La publicación de los Cuentos completos da una vuelta de tuerca a esa paradoja. Que Evelyn Waugh nos enriqueció con el brillo de su prosa —un brillo de una pureza que ninguno de sus
plomizos imitadores ha logrado alcanzar— está ya fuera de toda
duda. Waugh podía ser odioso, nadie lo niega, odioso incluso
con aquellos que lo encontraban afable; a muchos amigos les
chocaron los trallazos que administraba en sus diarios. Pero
¿quién puede decir si un alma no tiene ya remedio?

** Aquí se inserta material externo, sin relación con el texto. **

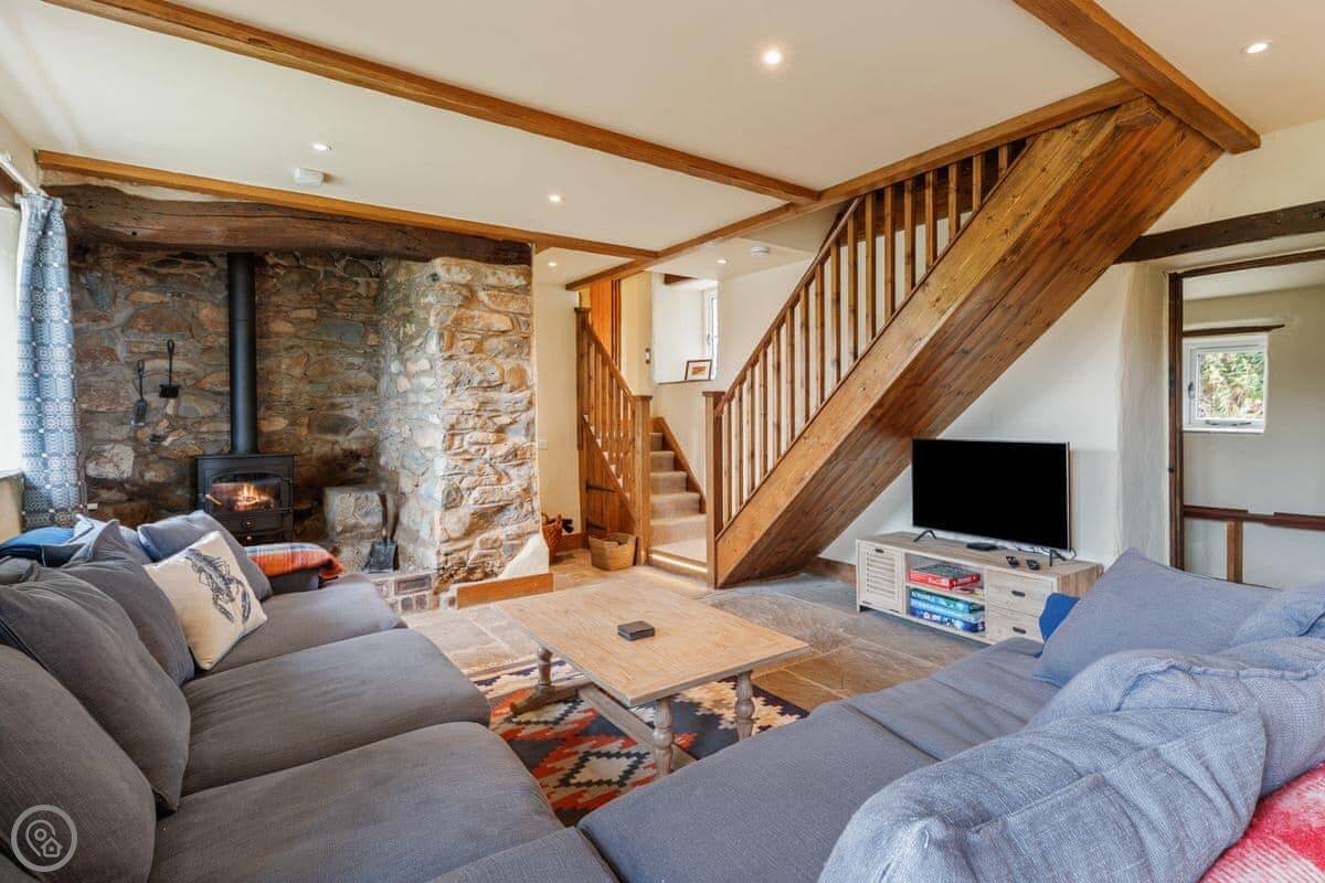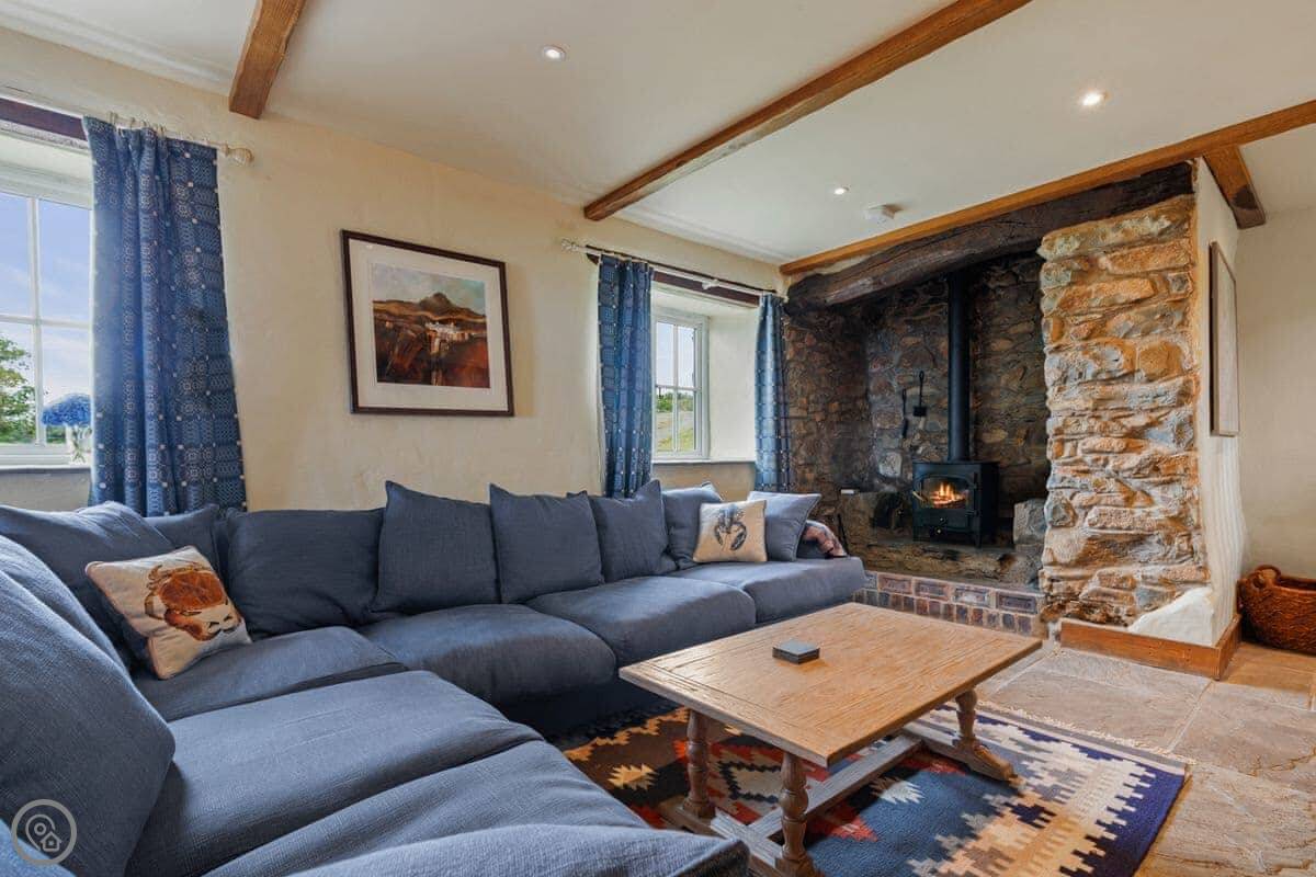 A rural retreat just 2. 4 miles from the coast at Cwm yr Eglwys and 2 miles from Pwllgwaelod. Exposed stone walls, an inglenook fireplace with wood burner, a large comfy L shaped sofa, television and a two-way staircase set the tone for rest and relaxation. Holiday cooking is a joy in the well-equipped farmhouse kitchen with a Nespresso coffee maker, food processor, electric oven, microwave, Range, gas hob, fridge and dining area.
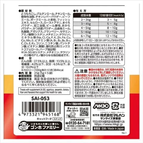 給与量の目安を参考にして、1日2‐3回に分け、おやつとして与えてください。●生後2ヶ月未満の幼猫には与えないでください。

En su novela corta Helena, que todos salvo el propio Waugh consideran
menor, la heroína ofrece esta temblorosa plegaria a los Reyes
Magos: «¡Qué raros se os veía por el camino, flanqueados por
esos estrafalarios pajes, cargados con tan ridículos regalos!». A
aquellos que sólo conocen al Waugh de la leyenda —el arisco,
el desdichado, el agresivo— les va a sorprender su gran delicadeza. Sí, puede que a veces sea la delicadeza del puñal, pero,
pese a sus ridículas opiniones, no hay el menor asomo de torpeza en su obra y los personajes que vagan por ella —ya sea dolorosamente engañados, ya sea atontados por el alcohol— seguirán aportándonos consuelo con su compañía. Waugh reconoció
que la lucha entre los seres infames y embrutecidos y lo que él
denominaba «un hambre casi fatídica de permanencia» era a la
vez demasiado solemne y demasiado cómica como para que llegue a resolverse nunca. Waugh murió el domingo de Pascua de
1966, después de misa, en el váter de su casa; no podría haber
soñado un tránsito más apropiado a la otra vida.